Sigh. Is this really so difficult. So let's go step by step. If you have only electromagnetism the world is P, T, C, CP symmstric. The only way some object can have an electric dipole moment then is that it is composed in the usual way by charge distributions. E.g., a water molecule has a large electric dipole moment. Such dipole moments are given as
$$\vec{d}=\int_{V} \mathrm{d}^3 r \vec{r} \rho(\vec{r}),$$
where $\rho$ is the charge distribution.

Now let's consider the time-reversal transformation. By definition the space-time variables transform as
$$t \rightarrow -t, \quad \vec{r} \rightarrow \vec{r}.$$
Electric charge
$$q \rightarrow q.$$
With the transformation properties of $q$ and $\vec{r}$ thus
$$\rho \rightarrow \rho.$$
With the definition of the dipole moment given above this implies
$$\vec{d} \rightarrow \vec{d}.$$
It's T-even, i.e., it doesn't change under T.

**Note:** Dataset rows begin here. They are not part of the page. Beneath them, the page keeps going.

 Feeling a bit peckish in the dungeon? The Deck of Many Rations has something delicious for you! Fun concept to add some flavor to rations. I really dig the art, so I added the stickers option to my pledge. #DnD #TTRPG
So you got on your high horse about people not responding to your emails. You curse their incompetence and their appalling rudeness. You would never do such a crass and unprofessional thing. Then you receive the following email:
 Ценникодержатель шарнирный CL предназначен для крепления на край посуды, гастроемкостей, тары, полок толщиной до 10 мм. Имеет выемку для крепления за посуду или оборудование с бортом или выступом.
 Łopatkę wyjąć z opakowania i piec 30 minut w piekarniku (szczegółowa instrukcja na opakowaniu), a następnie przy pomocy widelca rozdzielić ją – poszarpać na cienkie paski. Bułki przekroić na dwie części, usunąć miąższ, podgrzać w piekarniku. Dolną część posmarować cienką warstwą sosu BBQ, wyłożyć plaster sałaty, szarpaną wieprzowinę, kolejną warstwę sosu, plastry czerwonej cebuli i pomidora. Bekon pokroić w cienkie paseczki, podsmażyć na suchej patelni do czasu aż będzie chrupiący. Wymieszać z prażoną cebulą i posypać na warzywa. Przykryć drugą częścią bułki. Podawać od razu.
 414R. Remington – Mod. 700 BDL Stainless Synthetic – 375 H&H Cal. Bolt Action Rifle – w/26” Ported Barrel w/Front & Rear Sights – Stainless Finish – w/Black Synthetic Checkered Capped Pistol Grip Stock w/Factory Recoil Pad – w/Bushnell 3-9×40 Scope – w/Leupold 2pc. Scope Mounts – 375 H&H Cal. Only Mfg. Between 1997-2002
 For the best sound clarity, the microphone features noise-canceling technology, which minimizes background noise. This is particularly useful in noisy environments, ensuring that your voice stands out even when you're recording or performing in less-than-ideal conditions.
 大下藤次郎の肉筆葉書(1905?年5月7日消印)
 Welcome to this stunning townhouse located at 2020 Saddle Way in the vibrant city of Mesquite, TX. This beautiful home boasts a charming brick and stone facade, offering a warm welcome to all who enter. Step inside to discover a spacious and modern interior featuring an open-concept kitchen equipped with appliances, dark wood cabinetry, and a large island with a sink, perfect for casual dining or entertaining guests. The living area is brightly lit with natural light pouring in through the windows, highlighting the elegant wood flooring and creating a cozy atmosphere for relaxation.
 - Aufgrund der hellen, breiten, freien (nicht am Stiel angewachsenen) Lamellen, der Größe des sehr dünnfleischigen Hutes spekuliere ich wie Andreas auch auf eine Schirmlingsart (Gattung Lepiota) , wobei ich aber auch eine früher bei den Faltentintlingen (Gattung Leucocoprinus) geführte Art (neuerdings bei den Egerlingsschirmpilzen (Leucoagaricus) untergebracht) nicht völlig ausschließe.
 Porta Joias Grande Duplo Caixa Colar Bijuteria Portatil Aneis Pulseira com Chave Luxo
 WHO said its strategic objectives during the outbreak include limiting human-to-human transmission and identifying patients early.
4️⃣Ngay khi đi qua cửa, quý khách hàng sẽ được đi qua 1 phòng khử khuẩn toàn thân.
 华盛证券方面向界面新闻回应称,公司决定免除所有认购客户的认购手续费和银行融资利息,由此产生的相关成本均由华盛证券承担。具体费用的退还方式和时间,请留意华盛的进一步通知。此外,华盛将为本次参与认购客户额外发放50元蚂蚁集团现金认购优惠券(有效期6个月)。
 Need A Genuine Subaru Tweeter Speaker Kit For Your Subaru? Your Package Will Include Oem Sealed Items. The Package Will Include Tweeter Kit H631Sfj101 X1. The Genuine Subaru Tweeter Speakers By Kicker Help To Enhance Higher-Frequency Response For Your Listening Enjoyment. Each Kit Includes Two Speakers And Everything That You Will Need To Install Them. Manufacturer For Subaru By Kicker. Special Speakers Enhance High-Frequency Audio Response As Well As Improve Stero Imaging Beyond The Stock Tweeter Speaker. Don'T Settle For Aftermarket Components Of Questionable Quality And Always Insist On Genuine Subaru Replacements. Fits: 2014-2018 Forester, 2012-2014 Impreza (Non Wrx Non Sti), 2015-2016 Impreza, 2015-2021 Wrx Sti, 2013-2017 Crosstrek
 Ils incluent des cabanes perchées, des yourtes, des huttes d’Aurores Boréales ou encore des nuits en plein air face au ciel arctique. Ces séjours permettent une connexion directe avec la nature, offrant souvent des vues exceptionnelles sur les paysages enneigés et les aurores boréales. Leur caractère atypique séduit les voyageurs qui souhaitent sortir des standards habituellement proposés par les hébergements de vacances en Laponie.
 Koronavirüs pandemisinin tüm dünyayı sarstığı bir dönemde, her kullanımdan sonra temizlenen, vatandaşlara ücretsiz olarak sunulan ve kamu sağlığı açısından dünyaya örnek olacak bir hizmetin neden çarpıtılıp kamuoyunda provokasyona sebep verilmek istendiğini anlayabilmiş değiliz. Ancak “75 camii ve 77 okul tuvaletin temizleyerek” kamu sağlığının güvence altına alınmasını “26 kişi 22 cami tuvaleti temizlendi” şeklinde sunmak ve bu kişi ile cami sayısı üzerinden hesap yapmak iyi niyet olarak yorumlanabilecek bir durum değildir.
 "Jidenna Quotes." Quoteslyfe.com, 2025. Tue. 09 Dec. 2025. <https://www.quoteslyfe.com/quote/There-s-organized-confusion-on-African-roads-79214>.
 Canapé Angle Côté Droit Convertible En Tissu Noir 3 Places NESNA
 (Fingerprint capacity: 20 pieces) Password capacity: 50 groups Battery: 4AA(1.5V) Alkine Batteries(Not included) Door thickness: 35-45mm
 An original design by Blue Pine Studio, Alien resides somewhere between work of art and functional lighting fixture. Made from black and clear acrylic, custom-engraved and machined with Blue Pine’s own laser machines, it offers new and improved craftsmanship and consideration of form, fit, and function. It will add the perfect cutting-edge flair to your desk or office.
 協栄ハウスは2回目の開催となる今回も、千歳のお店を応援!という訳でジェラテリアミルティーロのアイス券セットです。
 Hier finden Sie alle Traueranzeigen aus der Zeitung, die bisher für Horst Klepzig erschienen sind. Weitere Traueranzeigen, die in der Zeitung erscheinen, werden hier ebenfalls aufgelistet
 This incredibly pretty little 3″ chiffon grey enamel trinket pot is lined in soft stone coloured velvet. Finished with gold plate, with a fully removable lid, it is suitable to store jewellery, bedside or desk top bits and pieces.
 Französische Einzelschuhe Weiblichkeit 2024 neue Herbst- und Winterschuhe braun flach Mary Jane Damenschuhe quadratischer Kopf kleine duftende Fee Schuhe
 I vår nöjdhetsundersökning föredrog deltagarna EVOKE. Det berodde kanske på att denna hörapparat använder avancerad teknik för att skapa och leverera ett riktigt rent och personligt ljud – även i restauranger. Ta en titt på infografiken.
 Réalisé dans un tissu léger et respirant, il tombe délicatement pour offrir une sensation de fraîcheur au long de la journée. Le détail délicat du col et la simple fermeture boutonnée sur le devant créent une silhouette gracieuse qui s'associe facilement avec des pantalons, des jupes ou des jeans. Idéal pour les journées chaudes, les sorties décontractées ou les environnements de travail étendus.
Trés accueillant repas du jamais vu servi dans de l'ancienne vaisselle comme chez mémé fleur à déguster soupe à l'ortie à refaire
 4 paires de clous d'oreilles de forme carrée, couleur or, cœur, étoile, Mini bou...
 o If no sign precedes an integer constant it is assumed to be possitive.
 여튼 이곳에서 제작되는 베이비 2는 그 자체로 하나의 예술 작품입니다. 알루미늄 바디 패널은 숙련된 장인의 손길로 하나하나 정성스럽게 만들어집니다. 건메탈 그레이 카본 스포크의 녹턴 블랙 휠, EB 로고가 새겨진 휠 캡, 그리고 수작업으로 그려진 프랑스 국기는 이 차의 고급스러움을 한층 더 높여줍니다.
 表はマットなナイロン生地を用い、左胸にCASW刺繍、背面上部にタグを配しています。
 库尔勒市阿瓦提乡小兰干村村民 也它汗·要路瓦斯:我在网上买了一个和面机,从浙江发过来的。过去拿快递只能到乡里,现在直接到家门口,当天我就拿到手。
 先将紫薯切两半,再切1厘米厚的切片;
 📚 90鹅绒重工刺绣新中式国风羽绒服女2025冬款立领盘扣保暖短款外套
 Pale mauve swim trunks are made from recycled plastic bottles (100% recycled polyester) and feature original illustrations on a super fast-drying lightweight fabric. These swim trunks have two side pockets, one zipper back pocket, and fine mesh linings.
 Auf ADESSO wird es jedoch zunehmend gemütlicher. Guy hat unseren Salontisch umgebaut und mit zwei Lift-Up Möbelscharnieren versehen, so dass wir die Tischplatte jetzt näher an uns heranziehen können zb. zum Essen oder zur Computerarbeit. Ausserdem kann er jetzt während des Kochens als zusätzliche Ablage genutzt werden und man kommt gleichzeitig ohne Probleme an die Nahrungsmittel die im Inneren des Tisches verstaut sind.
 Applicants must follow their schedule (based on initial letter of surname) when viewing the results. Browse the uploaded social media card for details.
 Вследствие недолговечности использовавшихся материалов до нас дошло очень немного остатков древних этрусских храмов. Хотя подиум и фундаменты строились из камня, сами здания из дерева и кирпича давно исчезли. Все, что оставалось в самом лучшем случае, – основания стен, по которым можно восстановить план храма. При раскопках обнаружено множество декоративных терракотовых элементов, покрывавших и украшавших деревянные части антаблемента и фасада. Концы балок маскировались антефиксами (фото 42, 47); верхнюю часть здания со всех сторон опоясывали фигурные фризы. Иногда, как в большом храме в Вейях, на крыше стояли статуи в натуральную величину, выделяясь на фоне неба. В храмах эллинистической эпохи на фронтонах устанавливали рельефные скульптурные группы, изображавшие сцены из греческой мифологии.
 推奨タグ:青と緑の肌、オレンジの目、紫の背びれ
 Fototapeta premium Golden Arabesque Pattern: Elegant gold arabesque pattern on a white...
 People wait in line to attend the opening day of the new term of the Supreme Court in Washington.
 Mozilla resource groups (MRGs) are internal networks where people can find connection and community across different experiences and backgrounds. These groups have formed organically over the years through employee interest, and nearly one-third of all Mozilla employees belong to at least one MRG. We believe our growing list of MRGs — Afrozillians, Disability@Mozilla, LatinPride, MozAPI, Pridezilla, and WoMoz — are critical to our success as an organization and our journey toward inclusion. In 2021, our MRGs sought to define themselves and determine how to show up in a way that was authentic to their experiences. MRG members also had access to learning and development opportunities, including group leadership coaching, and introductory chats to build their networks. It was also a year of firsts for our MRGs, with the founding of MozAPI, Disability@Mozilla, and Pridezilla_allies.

Now consider an elementary particle. This can have an electric dipole moment only if this dipole moment is $\propto \vec{s}$, where $\vec{s}$ is the spin, i.e., an angular momentum. Angular momentum is $\vec{r} \times \vec{p}$. From the $T$-transformation properties (we need in addition that by definition $m \rightarrow m$) it's clar that $\vec{s} \rightarrow -\vec{s}$, and thus there must be a T-odd contribution to the Hamiltonian $\propto \vec{E} \cdot \vec{s}$. Now again using the properties of $T$ and the definition of the electric field you get that $\vec{E} \rightarrow \vec{E}$ under $T$ and thus this contribution to the Hamiltonian is $T$ odd and thus violates $T$ symmetry. So you can have an electric dipole moment for an elementary particle only if $T$ (and thus CP) is broken.

Since $T$ and $CP$ is broken by the weak interaction, the electron has, within the standard model, a tiny electric dipole moment due to the weak interaction. This CP violation is too small to explain the matter-antimatter imbalance and that's why one tries to measure the electron's electric dipole moment. So far one is far in accuracy from the predicted dipole moment from the standard model. So the hope is that one finds nevertheless an electric dipole moment which with the given sensitivity then was some orders of magnitude larger than the standard-model value, and this would indicate new physics leading to larger CP violation which then in turn may explain the matter-antimatter imbalance. So far, however, no electric dipole moment of an electron has been found given the sensitivity of the experiments. There's only an upper bound, which is already very remarkable given the difficulty of this measurement.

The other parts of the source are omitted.